Fairness is still our guide

This week's financial turbulence provides the starkest demonstration yet that we are living in an era of dramatic global change. Financial markets across the world are in uncharted waters. The British economy prospers as a global hub for investment, trade and services. That openness is a source of strength. But it also means that we cannot insulate ourselves from the contagious effects of the financial crisis in the United States, and the sharp increase in world commodity prices.

Nobody should underestimate the severity of this crisis. The US government now owns much of the US mortgage market and a large part of the world's biggest insurer. Two of Britain's biggest banks and mortgage lenders have had to merge. These are events of historic significance, and they demand firm and decisive leadership.

That is why all the efforts of our party and our government must be concentrated on the needs of the British people, whose paramount concern is how this week's events will impact upon their families, and how we can help them through this crisis.

Just as when we stopped Northern Rock going to the wall, we took the necessary and decisive action this week to protect stability and keep the financial system moving. We have acted to secure people's savings, support the housing market, and underpin liquidity in the banking sector. And with our support, the Financial Services Authority has banned short-selling of financial stocks.

I would have liked a national consensus on that measure but - as with Northern Rock - the Conservatives offer partisan criticism. While much of their image has changed, the Conservatives' instinct is still for government to walk away rather than intervene. Last year they even proposed to abolish mortgage regulations, saying the banks should be left to their own devices and simply "nudged" to act responsibly. You cannot "nudge" your way through a financial crisis.

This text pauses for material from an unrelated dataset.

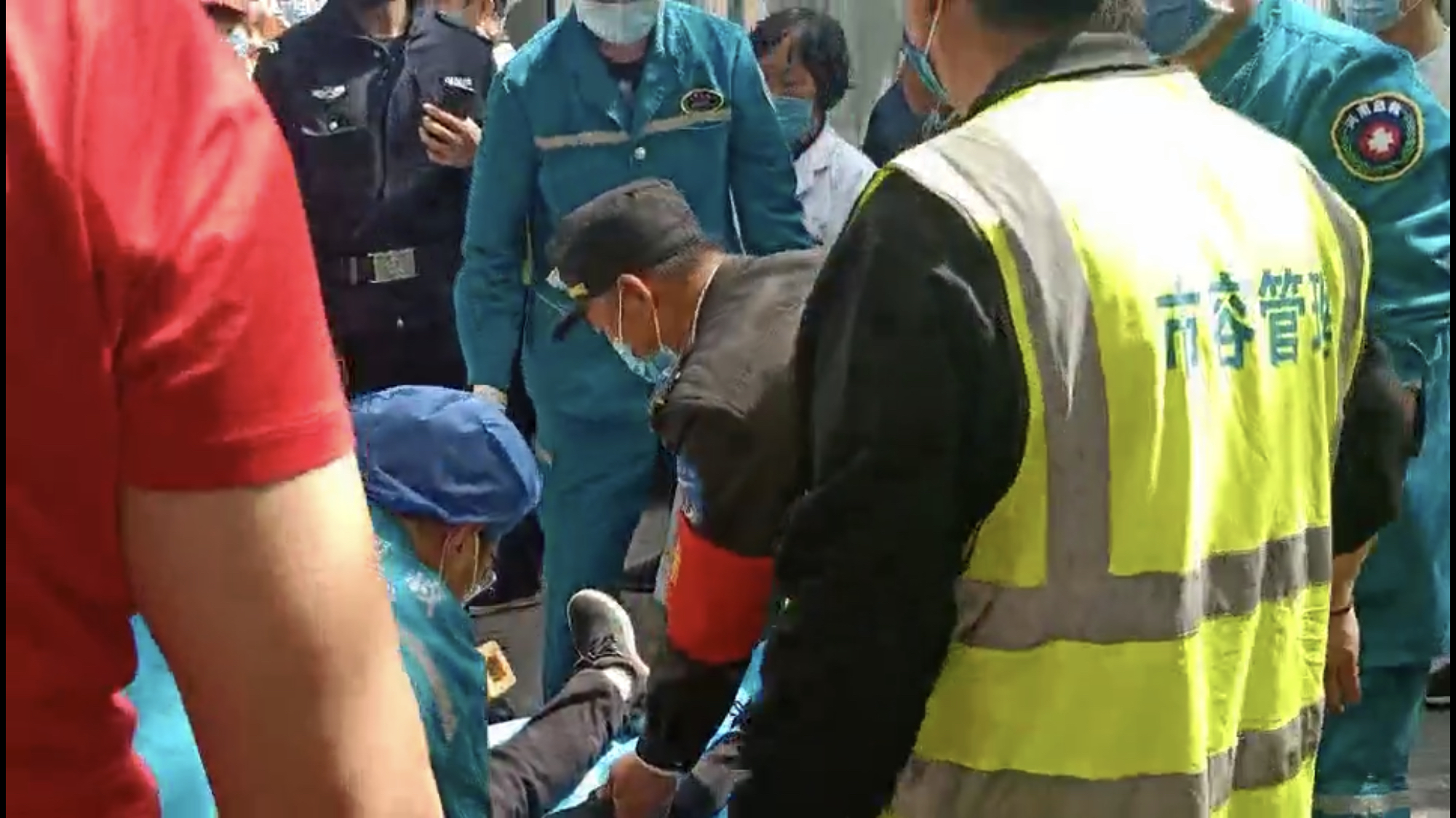 今天上午,在郑州市计划路与市场街交叉口附近,因前方路面出现塌陷,抢修人员进行封路施工。一男子驾车行至此处,不顾保安的阻拦硬要进入施工路段,结果将保安撞倒在地。

In days of higher growth we reduced the national debt to give us the flexibility to increase borrowing in these hard times. Thus we are able to give a £120 tax cut to every basic-rate taxpayer, increase our winter fuel payments to pensioners, and step up government funding for homes, schools and hospitals, so that our capital investment, and the jobs that depend on it, continues.

The Conservative party's ideological objection to higher borrowing - coupled with its insistence on prioritising a £1bn inheritance tax cut for the top 3,000 estates - would have required it to scale back public services.

People are beginning to see again that politics is not a permanent referendum on a government, but a choice between competing philosophies.

It is only a Labour government that is able to act now to tackle the instability in the economy and provide the security that businesses and families need. This is a new agenda for an active government that stands for fairness first.

But let me be clear: this is not the moment to junk the economic policy framework that has secured sustained growth, high employment and low inflation over the past decade. The progressive British model that New Labour has pioneered has been successful. Our fundamental claim - that it is not just possible but necessary in the modern world to combine economic dynamism and social justice - remains as valid today as in the early 1990s.

So while we respond to a world that is changing all around us, our values of fairness and social justice remain our guide. Everything we have done since 1997, and everything we do this week in Manchester, is driven by one thing: our united commitment to fair rules, fair chances, and a fair say for all.

Gordon Brown, the prime minister of the United Kingdom.